Quantos Investigadores Usam Gestores de Referências? Dados 2026

Saber quantos investigadores utilizam gestores de referências bibliográficas parece uma pergunta simples — mas a realidade é que os dados disponíveis são fragmentados e provêm de contextos muito diferentes: inquéritos a estudantes de pós-graduação, análises de padrões de adoção em bibliotecas universitárias, relatórios dos próprios fornecedores, e estudos académicos publicados em revistas de biblioteconomia e informação. Este artigo reúne o que existe, contextualiza as tendências para 2026, e ajuda a perceber por que a adoção ainda está longe de ser universal — apesar das vantagens evidentes.

Resposta rápida: Estudos publicados sugerem que entre 30% e 60% dos investigadores académicos usam algum gestor de referências de forma regular, dependendo da disciplina, do nível de ensino e da instituição. A adoção é muito mais alta entre doutorandos e investigadores sénior do que entre estudantes de licenciatura e mestrado. O Zotero é o mais adotado globalmente em ambientes académicos, seguido do Mendeley (Elsevier) e do EndNote. No Brasil e em Portugal, o Zotero ganhou terreno significativo desde 2020, impulsionado pela gratuidade e pelo código aberto.

Dados de adoção: o que dizem os estudos

Os estudos sobre adoção de gestores de referências são heterogéneos em metodologia e população, o que dificulta comparações diretas. No entanto, algumas conclusões são consistentes através da literatura.

Estudo / fonte Taxa de adoção População
Comparativo Mendeley/EndNote/Zotero (SciELO Brasil) ~40–60% (estima) Investigadores em área de informação (Brasil)
Inquéritos de bibliotecas universitárias PT 30–45% Estudantes de pós-graduação com formação em gestor de ref.
Literatura internacional (revisão geral) 35–65% Varia muito por disciplina e nível de ensino

Fontes: Comparativo de gestores de referências bibliográficas — SciELO TransInformação; dados de bibliotecas universitárias portuguesas.

Um dado importante: a taxa de adoção varia enormemente entre quem conhece gestores de referências e quem os usa regularmente.

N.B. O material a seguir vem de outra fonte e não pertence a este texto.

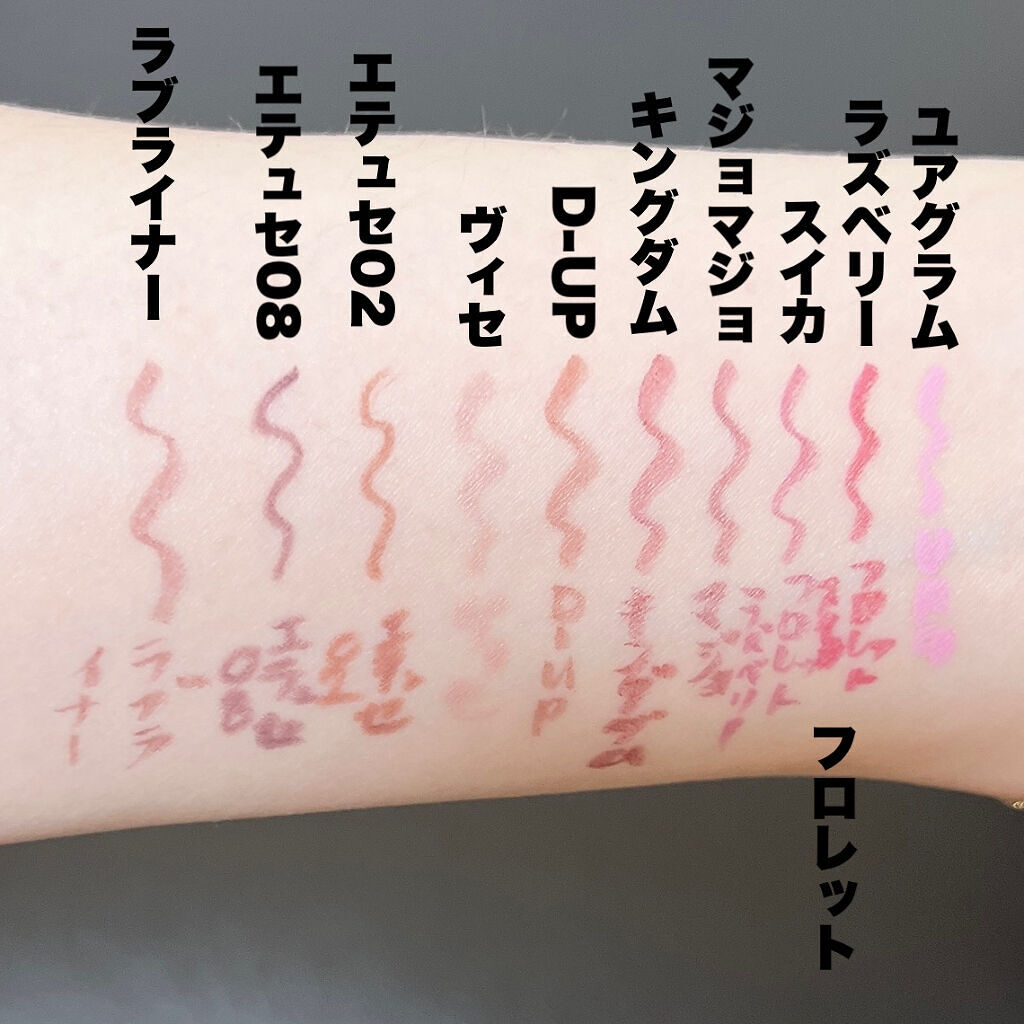 今回はマジョリカマジョルカのピュア・ピュア・キッスNEOのスウォッチ&レビューとなります!!今回はカラーがあまりにも多い為、写真投稿の都合上、腕にのみのスウォッチとなり、唇にはスウォッチしておりません、、、二投稿に分けてレビューするかも迷った...
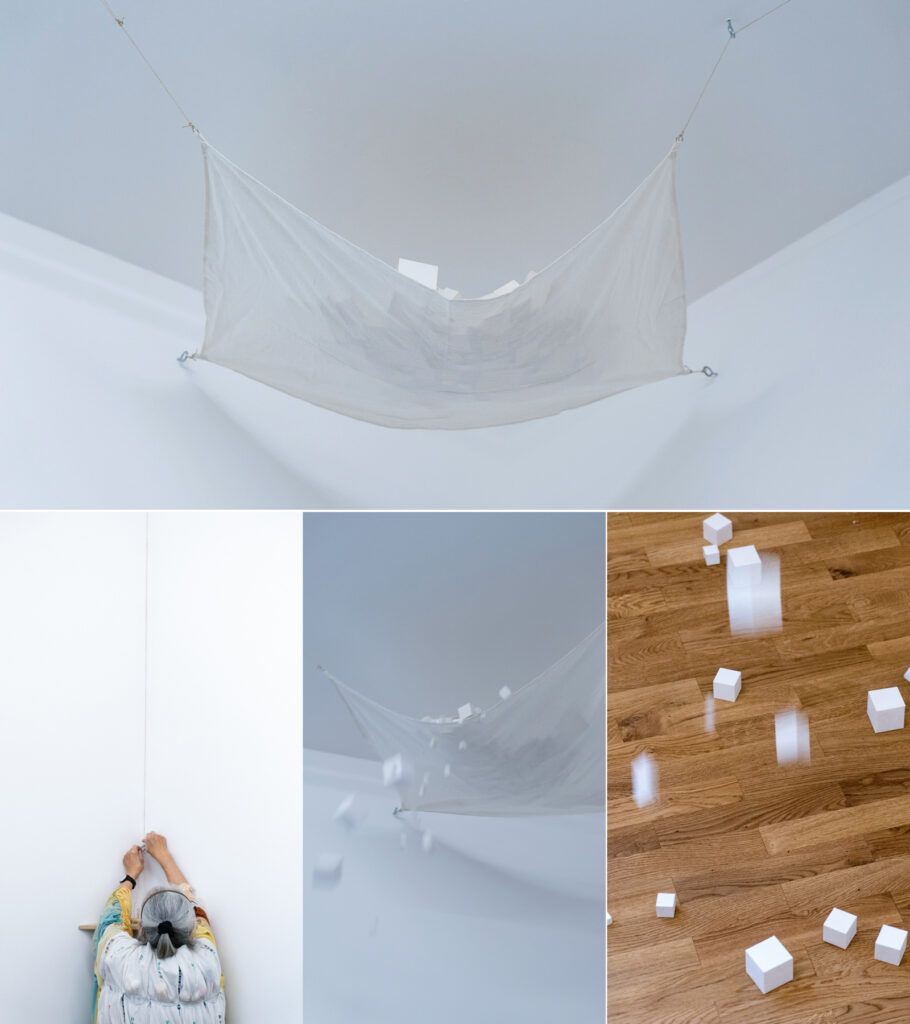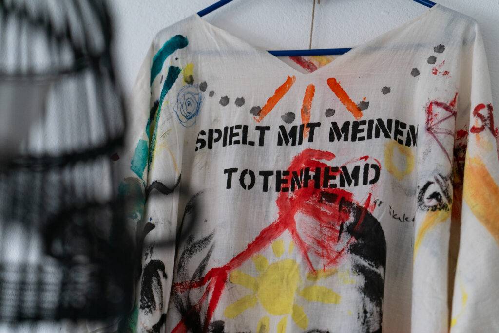Und als wir 2023 im Wohn-Atelier des kurz zuvor verstorbenen Künstlers Eduard „Edi“ Roijen in Düsseldorf Knochenwesen für ein Foto-Buch fotografierten, lag da ein Kunstwerk, das Takato Saito ihm gewidmet hatte: „Drei Töne Musik für Edi“ von 1999 – ein halbdurchsichtiger weißer Stoffsack mit rotem Band, der mit Takato Saitos typischen Papierwürfeln gefüllt war.
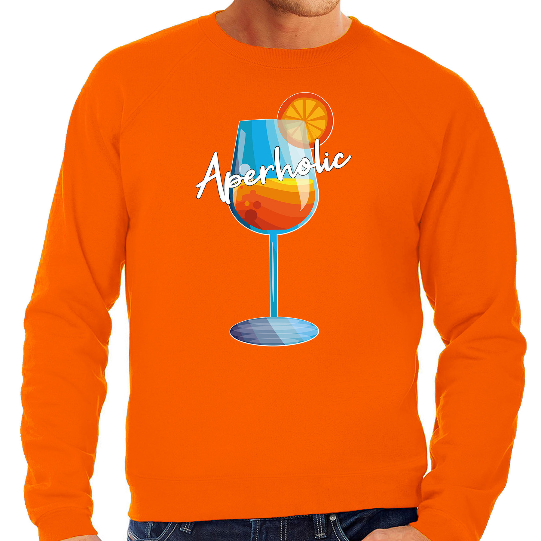 Wintersport verkleed sweater voor heren in de kleur oranje. Maak je klaar voor de apr?s-ski met deze grappige sweater, compleet met een speelse cocktail van Aperol print met de tekst, “Aperholic”. Perfect om te dragen na een dag snowboarden of ski?n, deze sweater is een knipoog naar het feestfestijn dat op je wacht. Comfortabel en warm, ideaal voor koude winteravonden en natuurlijk om de apr?s-ski sfeer levendig te houden. Trek deze leuke trui aan op je volgende winter sport vakantie als je altijd in de Apr?s Skihut te vinden bent! De sweater is ook grappig om cadeau te geven aan jouw Apr?s ski buddy. Uiteraard ook leuk om te dragen naar carnaval of een themafeest. Materiaal: 80% katoen/20% polyester, 240 grams kwaliteit. Merk: Bellatio Decorations.
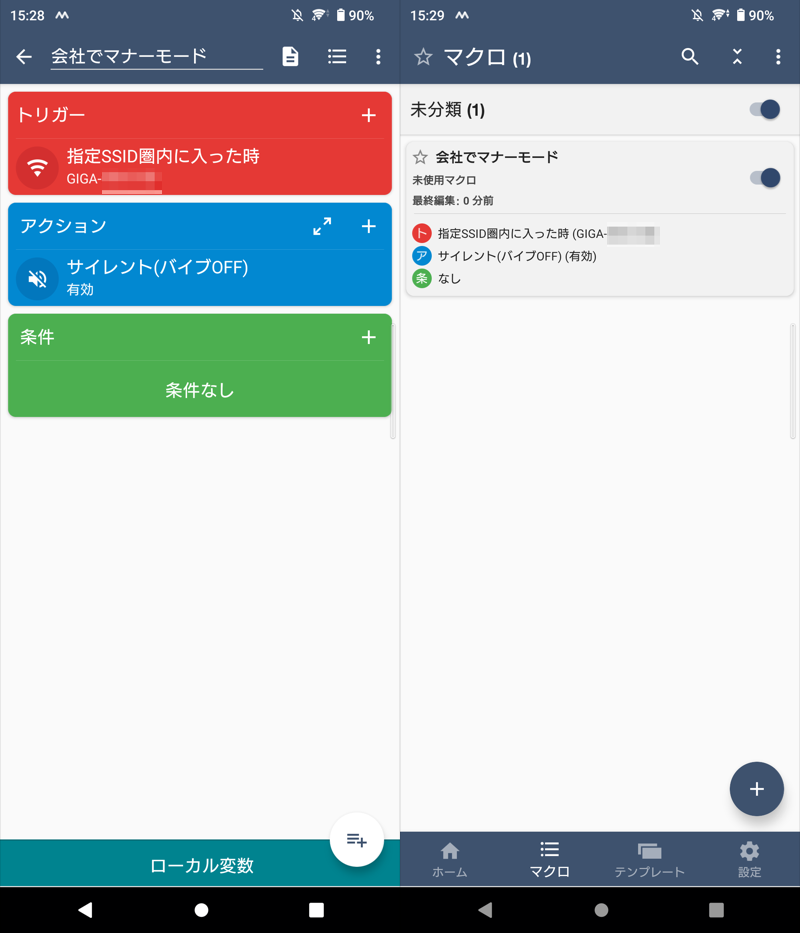 如果您使用MacroDroid,则可以检测Wi-Fi连接或访问某个位置并自动切换到静音模式。
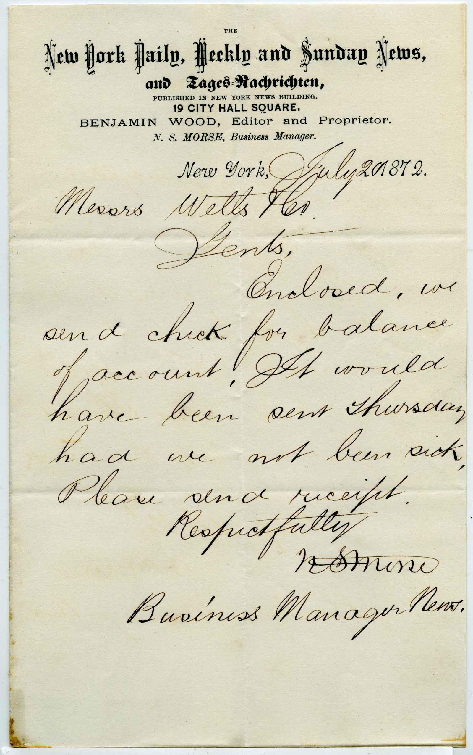 incoming correspondence to the papermaking company of Elisha Wells - circa 1870
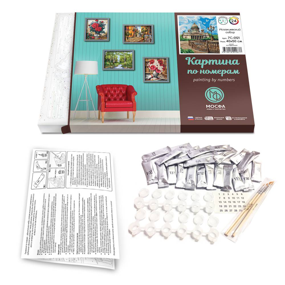 В комплект входит: подрамник, холст с нанесенными контурами рисунка и с указанием номеров красок (эскиз рисунка), высококачественные акриловые краски (не токсичные), кисточки, инструкция на русском языке.
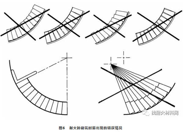 (3)砌筑時需保證耐火磚貼緊窯體內(nèi)壁,各耐火磚側(cè)面之間(環(huán)向)相互貼緊,隨時用橡皮錘或木錘敲擊找正來保證這兩項貼緊;不時檢查各環(huán)縫是否與環(huán)向基準線平行,耐火磚的徑向方向線是否與窯體同心,各環(huán)耐火磚間不能存在“臺階”現(xiàn)象,磚縫不能出現(xiàn)楔形磚縫,如圖6所示:
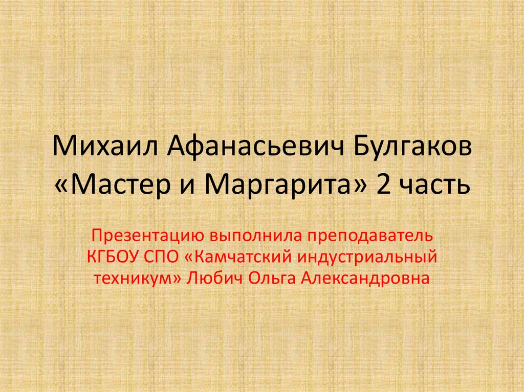 1. Михаил Афанасьевич Булгаков «Мастер и Маргарита» 2 часть
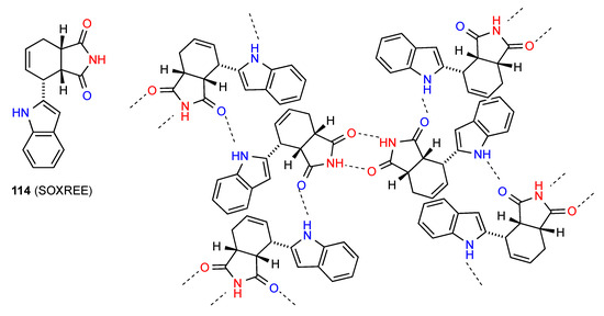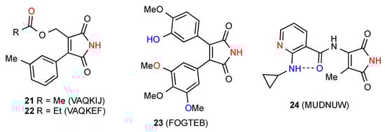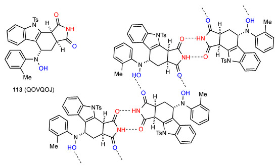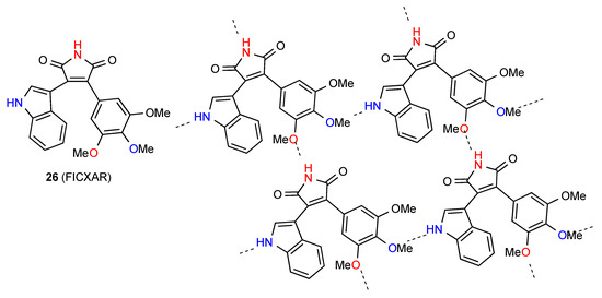 The Hydrogen-bonding pattern of compound 26 [30,31] (Figure 9) involves parallel rows of molecules in which there is a C(8) interaction between imide NH and OMe at the 3-position of the 3,4,5-trimethoxyphenyl substituent. These are then cross-linked by additional C(11) bonding between the OMe at the 4-position and the indole NH giving a 2-dimensional array containing R44(31) units.
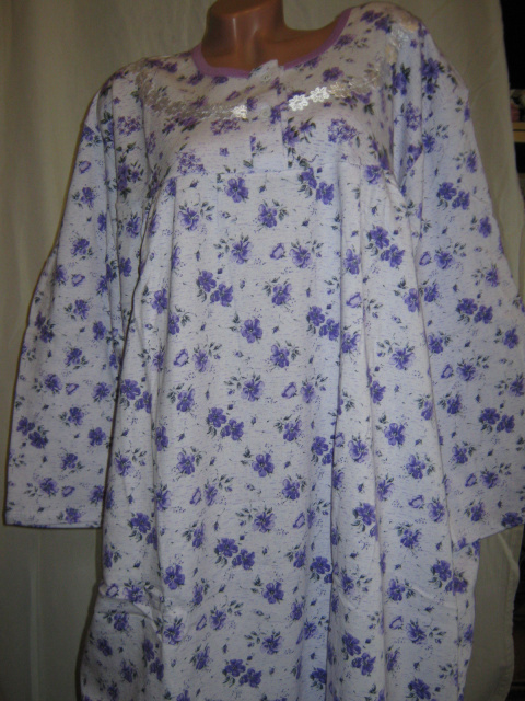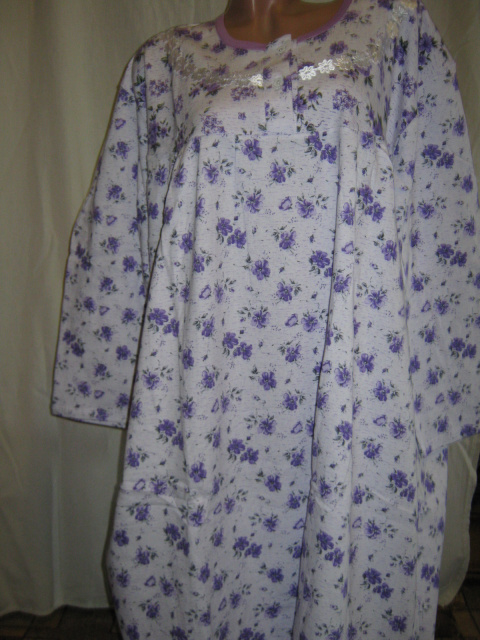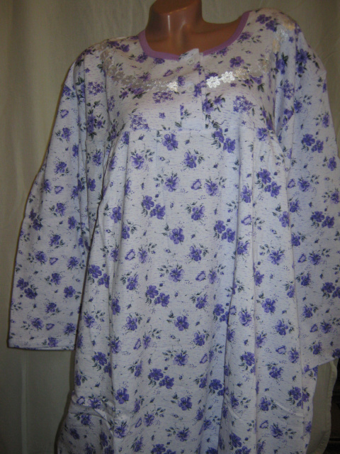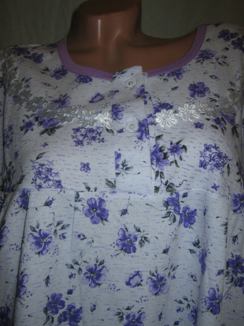 Жіноча супербатальна нічна сорочка Best, чиста 100% бавовна, виробництво Узбекистан, на білому тлі фіолетові квіти, рукав 3/4, утеплена, всередині з начосом, спереду півколом аплікація з білих квітів, застібається на 2 ґудзики, під грудьми і ззаду складки, вільний крій, зручна і практична як в носінні, так і в пранні. Дуже хороша повітропроникна тканина, м'яка і приємна до тіла. Підходить алергікам.

Inquéritos a estudantes de pós-graduação mostram que uma proporção significativa já ouviu falar de Zotero ou Mendeley — frequentemente numa sessão de formação da biblioteca —, mas apenas uma fração mais pequena os integrou no fluxo de trabalho diário.

Quota de mercado por ferramenta

A distribuição entre gestores de referências mudou consideravelmente na última década. O EndNote — durante muito tempo o líder indiscutível em ambientes académicos — perdeu terreno para ferramentas mais modernas e gratuitas. Em 2026, o panorama é o seguinte:

Ferramenta Custo Posição global (2026) Destaque
Zotero Gratuito (open source) 1.º (em crescimento) Código aberto; 300 MB gratuitos + armazenamento pago
Mendeley (Elsevier) Gratuito (com limitações) 2.º Rede social académica integrada; backend Elsevier
EndNote Pago (~340 €/licença) 3.º (em declínio) Funcionalidades avançadas; adotado em medicina e ciências
Citavi Gratuito (limitado) / pago 4.º (forte em Alemanha/PT) Gestão de conhecimento integrada; popular em ciências sociais
RefWorks Institucional 5.º Plataforma web; licença por instituição

O crescimento do Zotero — impulsionado pela versão 7 lançada em 2023, com melhorias significativas de interface e desempenho — é um dos dados mais marcantes da paisagem atual. Para uma comparação detalhada das funcionalidades, consulte o artigo sobre Zotero vs Mendeley vs EndNote para a tese.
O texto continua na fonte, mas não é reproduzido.